Diesel has double the BTU's to a gallon vs. ethanol. If GM had put a well engineered 4 cylinder Turbo Diesel into those 80's cars instead of their billion dollar, but half assed effort, WE WOULD ALL BE DRIVING DIESEL PASSENGER CARS and SUV's TODAY. We would be thumbing our nose at OPEC in our 25 mpg 4.0L Diesel Yukons and expiditions.

Instead, the general impression of MOST PEOPLE IN THE US is Diesels are Noisy, slow, smelly and unreliable... Thank you general motors.

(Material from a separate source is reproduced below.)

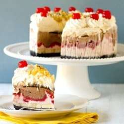 - Note: If you are making homemade ice cream, your best bet is to time the assembly so that you can add the freshly-churned ice cream right onto the cake. It will be the perfect consistency. If you will be using already-made ice cream, pop it in the refrigerator for about 30 minutes before you plan to need it and then mix it really well with a spatula so that it is smooth and spreadable.
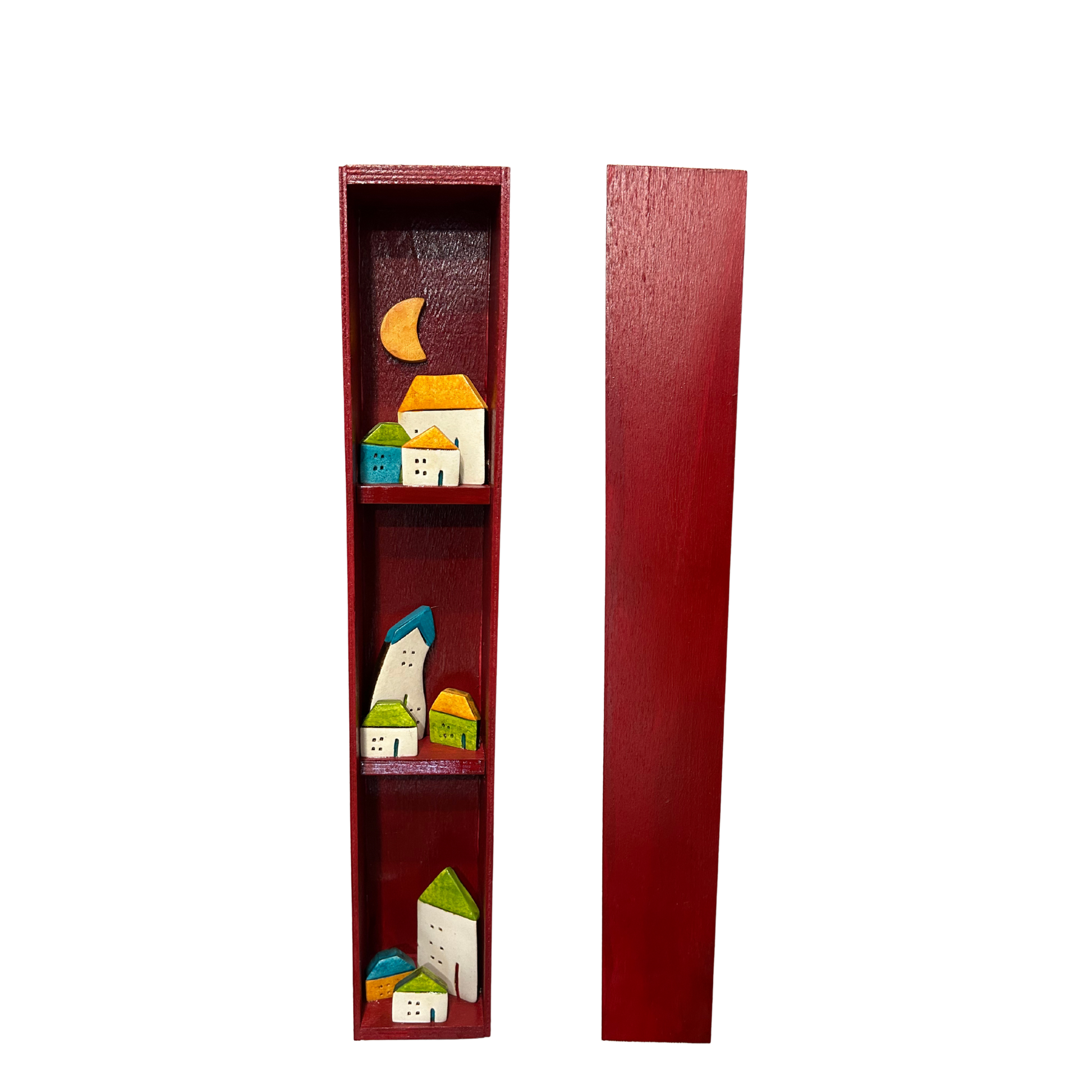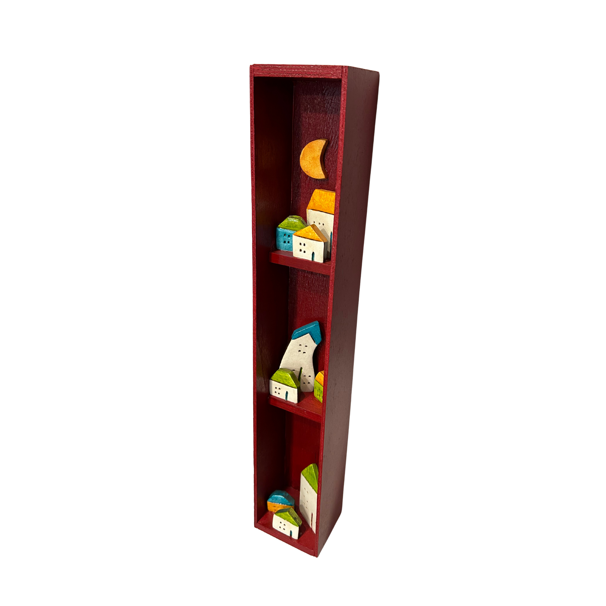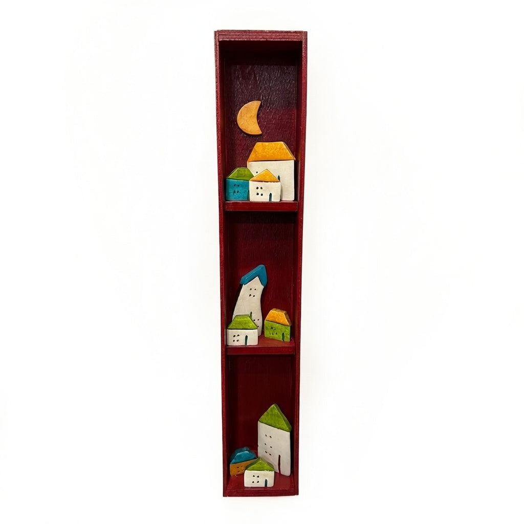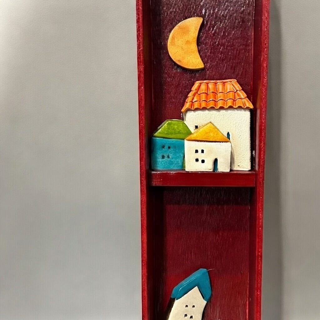 Χειροποίητη, κάθετη σύνθεση με κεραμικά σπιτάκια σε ξύλινη θήκη. Τα απλά σχήματα και τα έντονα χρώματα δημιουργούν ένα ήρεμο, ζεστό σύνολο που θυμίζει μικρό χωριό. Μια ιδιαίτερη επιλογή για να διασκοσμήσει τοίχο ή έπιπλο.

Diesel doesn't HAVE to come from the same place as Gasoline. Biodiesel can be grown by farmers, too. Farmers can even use it in their tractors (I'm still trying to figure out how they would use the ethanol)
 
Pablo said:
btw ungn, theres a good chance you still fill up with "gasohol" thousands of gas stations around the country run a 10% blend of ethanol allready to boost octane. Seems like every other one around here, and in socal theres no farming industry pushing ethanol.


Not in Texas. The Pump has to say it contains alcohol and none do (maybe they do in houston or Austin).

That is an Emission/tax dodge. Governments allow it because it slightly better in ozone formation, stations like it because the tax on it is 10% less vs. gasoline so the profit margin may be slightly higher.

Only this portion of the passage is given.